Detailed explanation for Java O(n^2) solution


  • 77
    F

    At first glance of the problem description, I had a strong feeling that the solution to the original problem can be built through its subproblems, i.e., the total number of arithmetic subsequence slices of the whole input array can be constructed from those of the subarrays of the input array. While I was on the right track to the final solution, it's not so easy to figure out the relations between the original problem and its subproblems.

    To begin with, let's be ambitious and reformulate our problem as follows: let T(i) denote the total number of arithmetic subsequence slices that can be formed within subarray A[0, i], where A is the input array and 0 <= i < n with n = A.length. Then our original problem will be T(n - 1), and the base case is T(0) = 0.

    To make the above idea work, we need to relate T(i) to all T(j) with 0 <= j < i. Let's take some specific j as an example. If we want to incorporate element A[i] into the subarray A[0, j], what information do we need? As far as I can see, we need to know at least the total number of arithmetic subsequence slices ending at each index k with difference d where 0 <= k <= j and d = A[i] - A[k], (i.e., for each such slice, its last element is A[k] and the difference between every two consecutive elements is d), so that adding A[i] to the end of each such slice will make a new arithmetic subsequence slice.

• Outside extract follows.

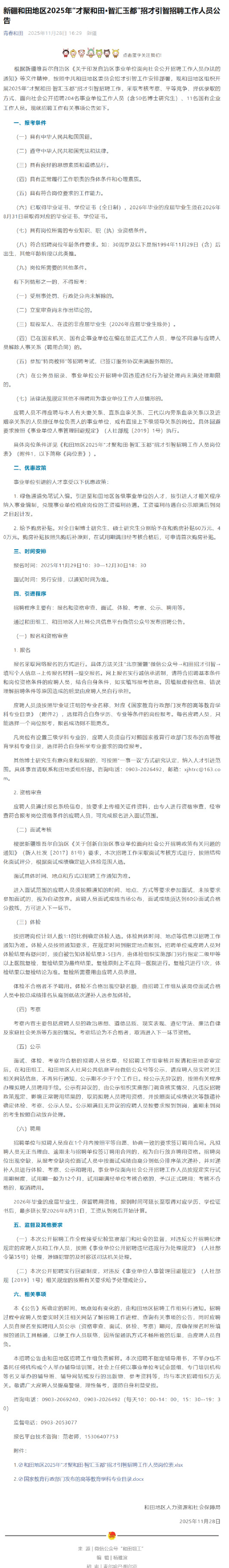 新疆和田地区2025年“才聚和田·智汇玉都”招才引智招聘工作人员公告
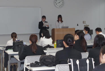 各病院ごとにエリアや特性による施設や業務の違いもあるため、就職を含めた今後へ向けてそれらの経験を共有する機会ともなりました。総合病院での実習を終えた学生からは「他職職の方も含めて院内で連携する様子を実際に体験することができて、これまで学んできたチーム医療の重要性を実感することができた」と話していました。今年は各教室に分かれて、各医療施設での報告実施となり、2年生以下の在学生は関心のある報告を移動しながら聴き入っていました。また各グループの報告後には学生や教員から様々な質問が寄せられていました。

    However, our original formulation of T(i) says nothing about the the total number of arithmetic subsequence slices ending at some particular index and with some particular difference. This renders it impossible to relate T(i) to all T(j). As a rule of thumb, when there is difficulty relating original problem to its subproblems, it usually indicates something goes wrong with your formulation for the original problem.

    From our analyses above, each intermediate solution should at least contain information about the total number of arithmetic subsequence slices ending at some particular index with some particular difference. So let's go along this line and reformulate our problem as T(i, d), which denotes the total number of arithmetic subsequence slices ending at index i with difference d. The base case and recurrence relation are as follows:

    1. Base case: T(0, d) = 0 (This is true for any d).
    2. Recurrence relation: T(i, d) = summation of (1 + T(j, d)) as long as 0 <= j < i && d == A[i] - A[j].

    For the recurrence relation, it's straightforward to understand the T(j, d) part: for each slice ending at index j with difference d == A[i] - A[j], adding A[i] to the end of the slice will make a new arithmetic subsequence slice, therefore the total number of such new slices will be the same as T(j, d). What you are probably wondering is: where does the 1 come from?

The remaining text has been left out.